Size reduce attempt 2 - Githubissues

yatli commented 4 years ago

A continuation of https://github.com/jmamma/MIDICtrl20_MegaCommand/pull/108

Cherry-picked the most significant items:

remove default font
don't force inline unless we're in ISR, or doing ram bank switch
compact menu layout

Size goes down significantly, from 85% (216718) to 77% (197232) 19486 bytes saving!

yatli commented 4 years ago

https://1drv.ms/x/s!Aql6jSQH9uyZhP1RR_0UWsqnGg_gVw?e=cIIBuV fits nicely with the theory.

jmamma commented 4 years ago

Unfortunately we still use glcdfont.c. That's our default "large font"
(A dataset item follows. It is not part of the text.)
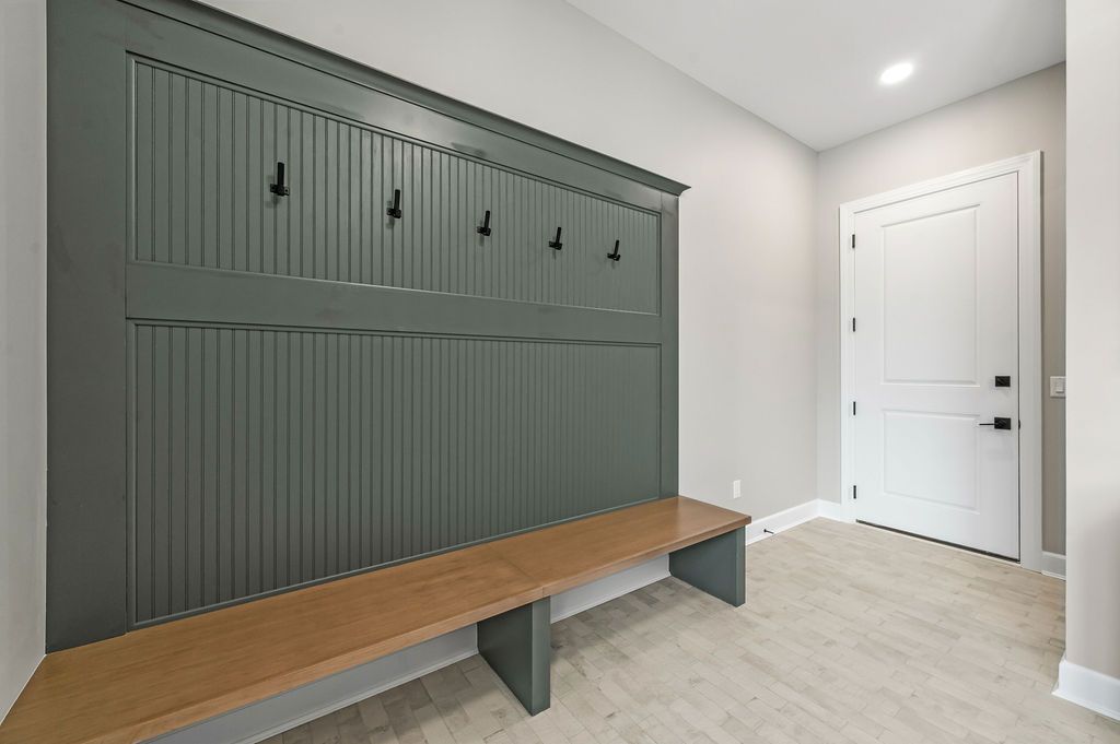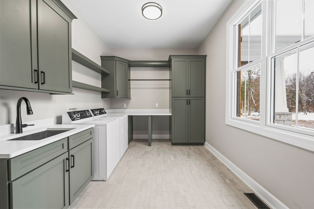 The laundry and mudroom was designed with durability and organization in mind. Custom green-stained cabinetry, a built-in bench with hooks and a wood top, and a staggered brick-lay floor create a stylish yet hardworking drop zone. A window fills the space with natural light.
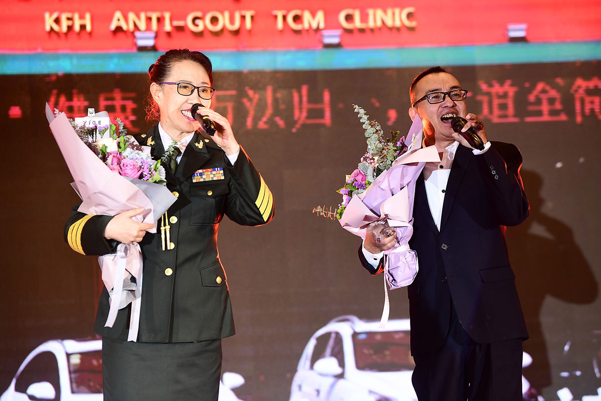 慶典現(xiàn)場最感人的一幕要數(shù)兩位“抗風(fēng)斗士”葛晟杰和關(guān)海強(qiáng)登臺(tái)分享一路與痛風(fēng)抗?fàn)幍男穆窔v程。他們都是風(fēng)華正茂,卻備受痛風(fēng)折磨,在遇到抗風(fēng)竤之前,幾乎都瀕臨絕望。來自山東的25歲葛晟杰,痛風(fēng)七年、癱瘓三年,經(jīng)過在抗風(fēng)竤門診的系統(tǒng)治療后,丟掉輪椅和雙拐,自己走上了舞臺(tái);關(guān)海強(qiáng)更是在被多家三甲醫(yī)院診斷“不截肢就有生命危險(xiǎn)”,并且還面臨著多臟器衰竭的風(fēng)險(xiǎn),抗風(fēng)竤醫(yī)療集團(tuán)張汭鈞董事長冒著極大的風(fēng)險(xiǎn),向他伸出救助之手。如今的關(guān)海強(qiáng)不僅恢復(fù)了生命活力,而且還走上舞臺(tái)為大家吉他彈唱,重獲新生的他最想感激的就是張汭鈞董事長、程莉琂總裁以及全體抗風(fēng)竤人給了他重獲健康的希望!

It's selected using: oled_display.setFont();

i.e

./Adafruit_GFX.h:    setFont(const GFXfont *f = NULL),

void Adafruit_GFX::write(uint8_t c) {
 #endif
   if (!gfxFont) { // 'Classic' built-in font

yatli commented 4 years ago

ah ok. reverted.

now 198792 bytes (78%)

jmamma commented 4 years ago

ah ok. reverted.

yeah I got excited for a minute there...

Can you clarify

ALWAYS_INLINE vs FORCED_INLINE.

I see you've defined IS_ISR_ROUTINE in select files.

yatli commented 4 years ago

That's the interesting part.

ALWAYS_INLINE is only effective if IS_ISR_ROUTINE is defined, so for any function defined as such, it automatically builds two versions, inlined and non-inlined.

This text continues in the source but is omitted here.